Ghafiri people

Languages
- Mehri, Yemeni Arabic and Omani Arabic

Religion
- Islam

Related ethnic groups
- Other Semitic-speaking peoples Especially Soqotri, Harasis, Bedouins, Hinawi, Mehri and other Modern South Arabian-speaking peoples

= Ghafiri =

The Ghafiri (also Ghafiri or al-Ghafiriyah) are one of two major tribal confederations of Oman and the Trucial States (today the United Arab Emirates), the other being the Hinawi. Both confederations claim their origin to the Bedouin tribe and the Ghafiri also trace their roots to the Nizari or Adnani tribes.

Both groups provided support to the ruling sultans to further their own interests. The Ghafiri are a mixture of Ibadhi and Sunni Muslims.

==History==
The Ghafiri confederation of the Ibadi Imamate was established in the mid 8th century. In the election of a new imam (leader) who functioned as "both temporal and religious leader of the community", the leaders of both confederations played an important role in governance. The confederations played a role in the political history of Oman, with Omani tribes being affiliated with one or the other confederation. Because of the Ghafiri's support of Saif ibn Sultan II, a clash occurred between the two confederations in 1748 in which leaders of both tribes died.

In the late 19th century, Ghafiri, numbering approximately 20,000 people, lived in the areas of Buraimi and Su'areb. Ghafiri tribes of that time were the Na'im, the Beni Ka'ib, the Beni Kattab, Bani Omar and Daramikeh.
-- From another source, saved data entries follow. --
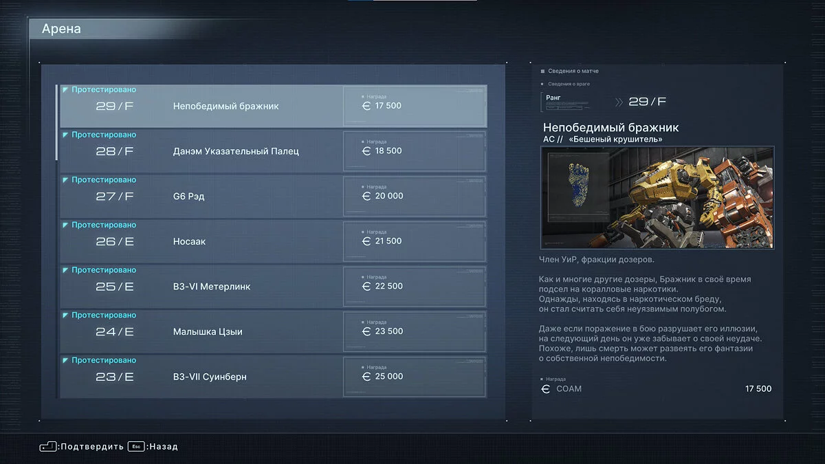 Сначала игроку на Арене будут доступны противники ранга «Е». Для того чтобы «подняться» выше и открыть новых врагов, необходимо выполнять сюжетные вылазки. После определенных миссий «Арена» будет пополняться и игрок сможет заработать больше чипов, чтобы прокачать своего меха.
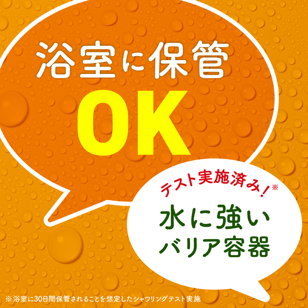 ●水に強いバリア容器: 浴室に30日間保管されることを想定したシャワリングテスト実施
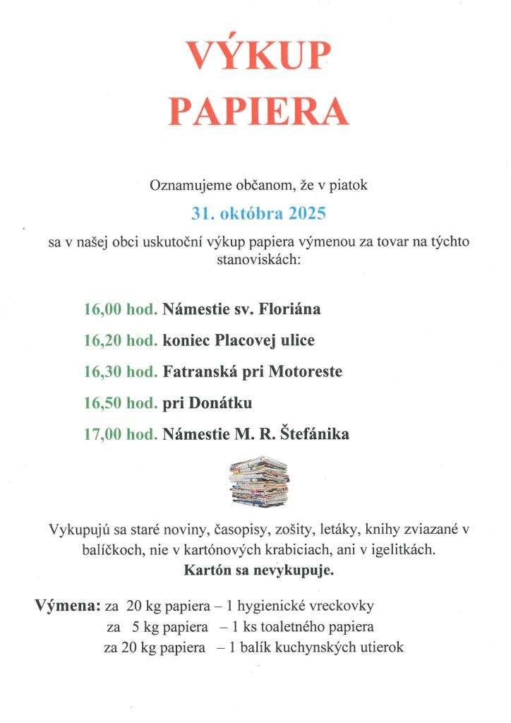 Vážení spoluobčania, dňa 31. októbra (piatok) 2025 sa v našej obci uskutoční výkup papiera.
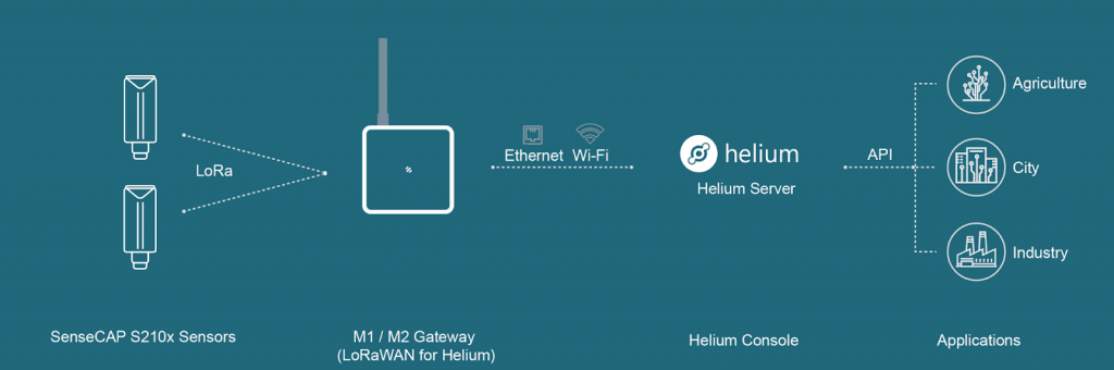 Nota: se la vostra area è coperta dalla rete Helium, potete utilizzarla direttamente integrando il dispositivo nella rete; in caso contrario, potete acquistare SenseCAP M1/M2 per costruire la vostra rete Helium.
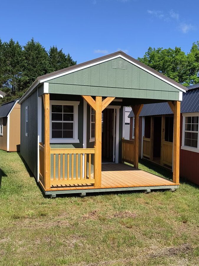 The Deluxe Playhouse is the ultimate package for creating an outdoor recreational space, DIY studio or home office. It includes a 9-lite walk-in door, five 2x3ft single-pane windows (3 in the bay front), four porch posts and three sections of porch railing. The Utility version includes 8ft walls. This package requires a minimum shed size of 12ft x 24ft.

A constant feature of the rivalry of the two groups was also witnessed in the support they provided to the ruling sultans to further their own interests. During the conflicts between the two groups and the rivalry of the imam and the sultan, the British eventually played an intermediary role, and this resulted in a stable Sultanate in Oman which lasted between 1920 and 1954.

==Culture==
Many of the Ghafiri's religious affiliation is Sunni Muslim, abiding by the Wahhabi tenets , whilst others such as the Banu Riyam, are Ibadhi. The Na'im are Ghafiri by political affiliation. Although rivalry continues in the modern day between Ghafiri and Hinawis, it is generally limited to their opposing football teams.